■ WHAT THE TASK ASKS:
Pictures stay out of the copy. Retype exactly the lines below from the one with "1280mm (L) x" through the one with "(特卖商品)兰蔻小蛮腰菁纯柔雾哑光粉金唇膏 #289羊绒暖棕 3.4G(有效期至2026/8/1)".

■ INPUT RECORDS:
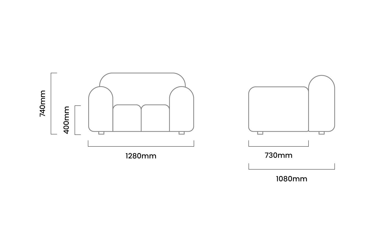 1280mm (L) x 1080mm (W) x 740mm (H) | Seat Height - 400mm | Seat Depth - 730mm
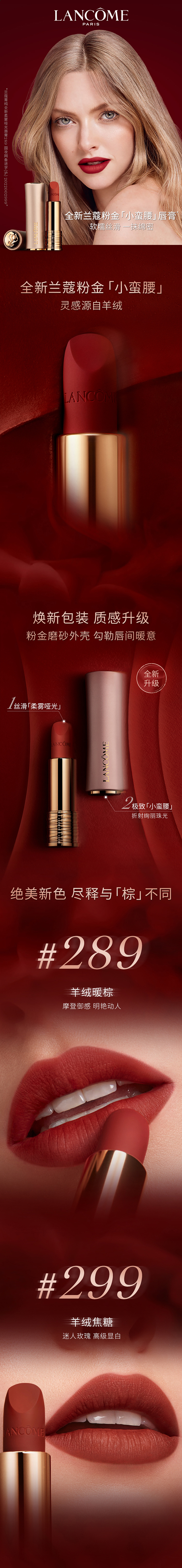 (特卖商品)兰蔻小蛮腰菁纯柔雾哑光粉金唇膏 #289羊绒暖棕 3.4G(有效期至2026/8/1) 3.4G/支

---

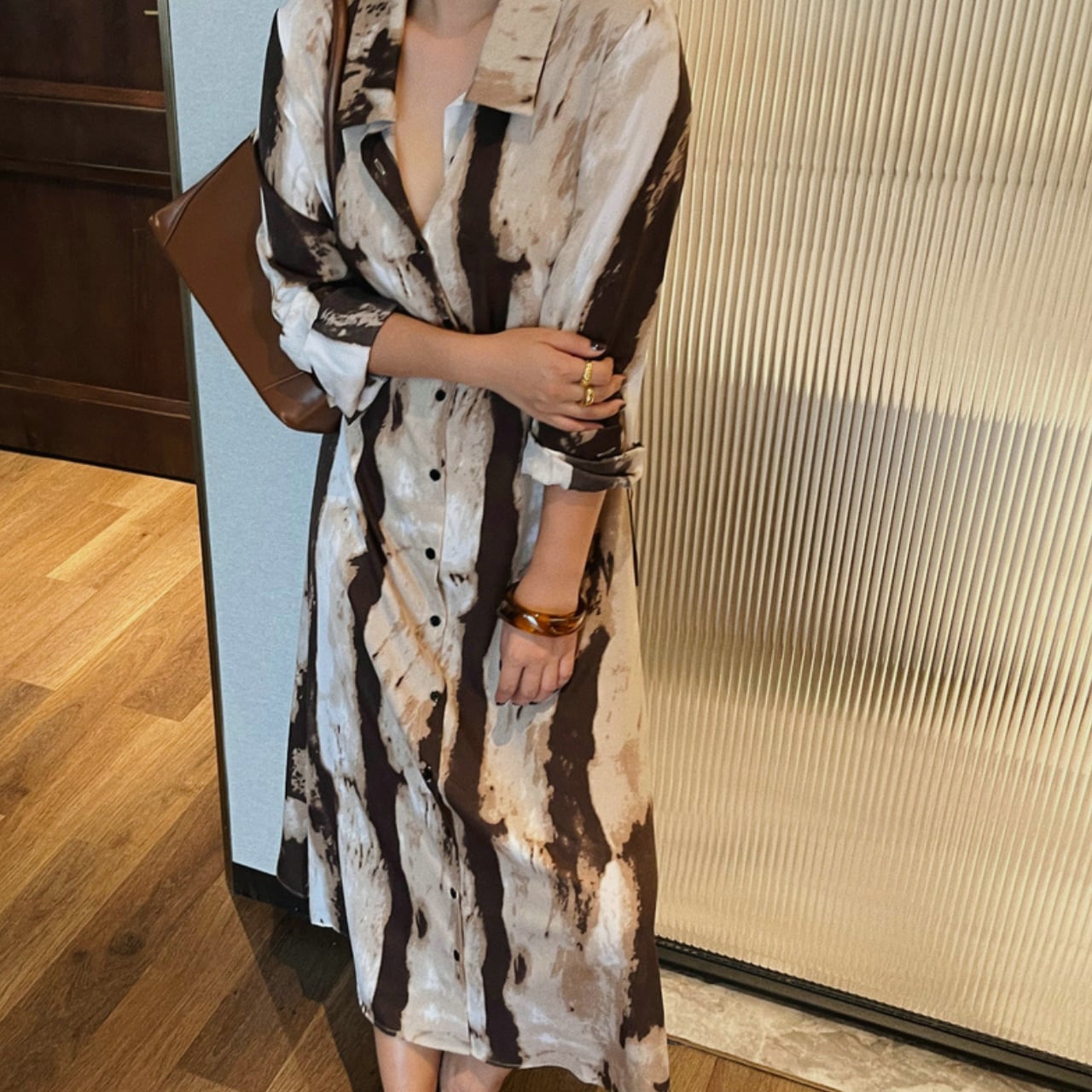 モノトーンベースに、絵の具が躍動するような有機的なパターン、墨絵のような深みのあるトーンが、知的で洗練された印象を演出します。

■ WRITTEN SOLUTION:
 1280mm (L) x 1080mm (W) x 740mm (H) | Seat Height - 400mm | Seat Depth - 730mm
 (特卖商品)兰蔻小蛮腰菁纯柔雾哑光粉金唇膏 #289羊绒暖棕 3.4G(有效期至2026/8/1) 3.4G/支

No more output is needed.